Although the spokesperson declined to name targets, the company will ”definitely continue to plan to expand through M&A in Europe, in countries such as Spain. In the US, though, our main focus is Uniqlo.” The spokesperson went on to say that US acquisitions are “certainly possible” in the near term, adding that the company may be interested in clothing retailers like J. Crew.

An analyst covering the company said that there is a chance that Fast Retailing will acquire a larger company, such as one of its competitors, which include the brands Gap, its separate label Banana Republic, and J. Crew. A second analyst agreed that an acquisition of a bigger company is possible. “If J. Crew were up for sale the company would definitely be interested,” the same analyst said. The analyst cited US market share as the main reason that Fast Retailing should be interested in J. Crew, since the Japanese retailer has less than a 1% share in the US.

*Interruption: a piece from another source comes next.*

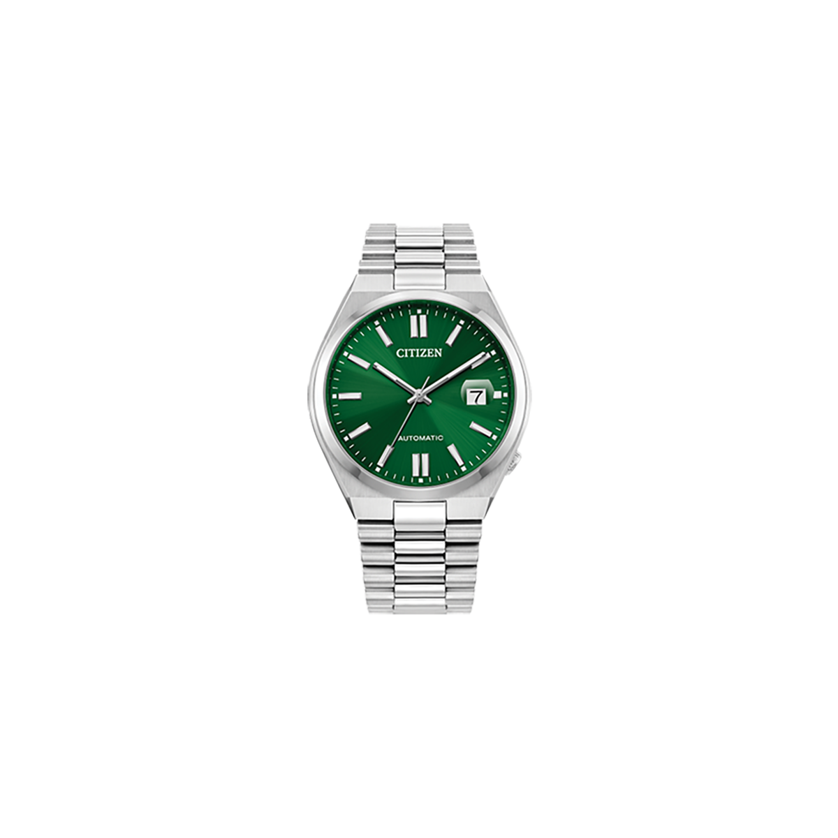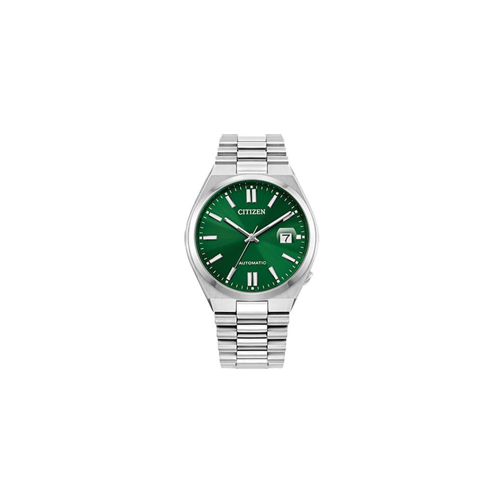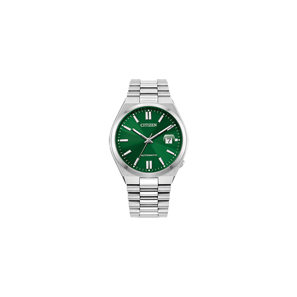 The "Tsuyosa" Automatic, from the NJ015 series, brings ultramodern sports styling right to your wrist. Executed in a versatile 40mm footprint, the sophisticated design of the watch makes a strong impression via a silver-tone stainless steel case and a seamlessly integrated, matching bracelet. Underneath an anti-reflective sapphire crystal, the sporty timepiece makes use of a sunray green dial, with a 3 o’clock date window and contrasting silver-tone details adding to its classic aesthetic. Powered by an automatic movement and offering up to 50 meters of water resistance, the refined timepiece is a daily wearing choice ready for work, play, and everything in between. Caliber 8210.

A US-based private equity player however thought an acquisition of J. Crew unlikely. The company that went public on the NYSE last year is trading well at the moment, the private equity player said. Furthermore, he said, it was doubtful Millard Drexler, CEO of J. Crew, would agree to work for someone, adding, that without Drexler no one would buy J. Crew. The New York-based retailer is backed by Texas Pacific Group (TPG). The private equity firm reduced its stake from 36% to 21% recently.

A TPG spokesperson declined to comment on why the firm decided to do this. The private equity firm has held a stake in J. Crew for over a decade, the spokesperson said. A J. Crew spokesperson said the company has gone through a secondary offering last month, but declining to comment on anything else. The US-based private equity player said Fast Retailing is basically after a brand. The Japanese company is looking for a global brand much like its 2003 acquisition of Theory. He named James Perse, Tory Burch, Nanette Lepore, Calypso or Betsy Johnson as companies which could interest Fast Retailing. All the companies mentioned have been reported to be up for sale.

Fast Retailing has financed most of its past acquisitions with cash and loans, so the company will probably do the same for future acquisitions, the first analyst added. The recently acquired casual clothing brand, Comptoir des Cotonniers, and lingerie retail chain, Petit Vehicule, “are well established global brands in France, which are good for our group,” the spokesperson for Fast Retailing said. Fast Retailing recently acquired Comptoir des Cotonniers from French apparel maker Nelson Finances for JPY 26bn (USD 221m) and acquired a 95% stake in Petit Vehicule for JPY 8bn (USD 68m). The company last year failed in its attempt to merge with Giordano International, a Hong Kong-based retailer.

Fast Retailing has a market capitalization of JPY 961bn (USD 8.2bn).